There are multiple factors to this.
- The price per minute will always depend on the number of turns happened in the conversation. With number of turns increasing, the price will also increase because the conversation history gets bigger and the model keeps consuming it all with each new turn.
- Prompt caching should be included in the equation as well, because all or most tokens from previous turns will hit cache (both audio and text, both input and output)
- The context window of the model is 128k tokens, but the actual output window is only 4096. The average amount of input tokens, the average amount of output tokens (which are priced differently), and overall ratio between them is a major factor
- The usage of function calls should also be considered, because functions can be rather large depending on the use case, and if the model will call them multiple times, or call multiple functions per turn (which could not be supported at this time, don’t quote me on that), the token usage will increase significantly.

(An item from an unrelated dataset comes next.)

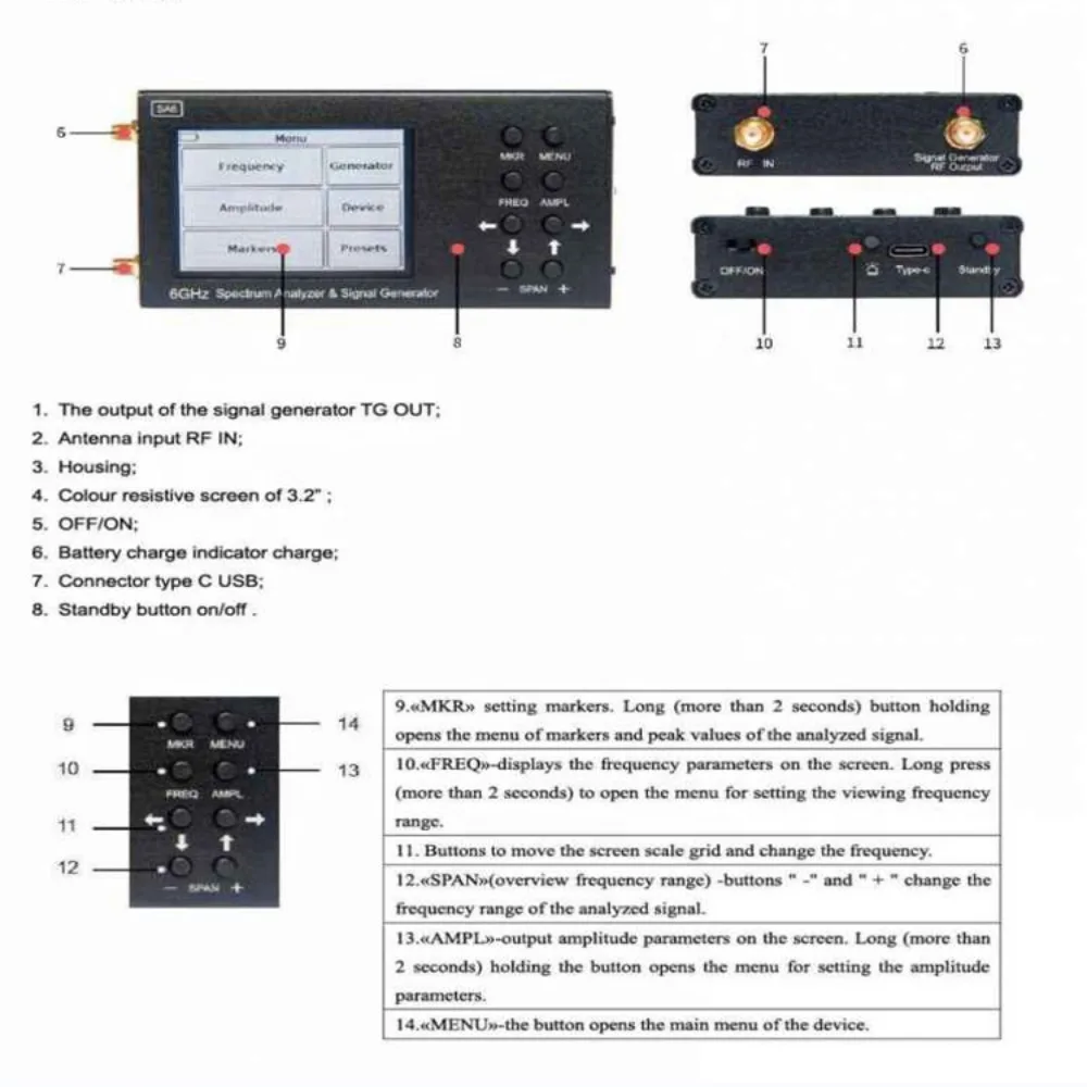 Mini Handheld Spectrum Analyzer 35MHz-4400MHz 3.2" LCD + RF Signal Generator Signal Source Sa6 Spectrum Analyzer - Купить с бесплатной доставкой

- Tokenization of texts (and maybe audio, not known at this time) has different efficiency depending on the language of the input. For tokenizers used in OpenAI models, English language is the most efficient (i.e. the least tokens per amount of text). This means that if text (and maybe audio) is very inefficiently tokenized, the amount of tokens – and the price of turn/session – will increase.
- Model behavior itself can produce extra turns (verifying user input, making sure that assistant heard the user correctly etc.) which will increase usage.
- Model can “glitch”, hallucinate, call functions erroneously, produce enormous amount of output, users can try to do prompt injection, force the model out of bounds etc. which is also a major cost factor.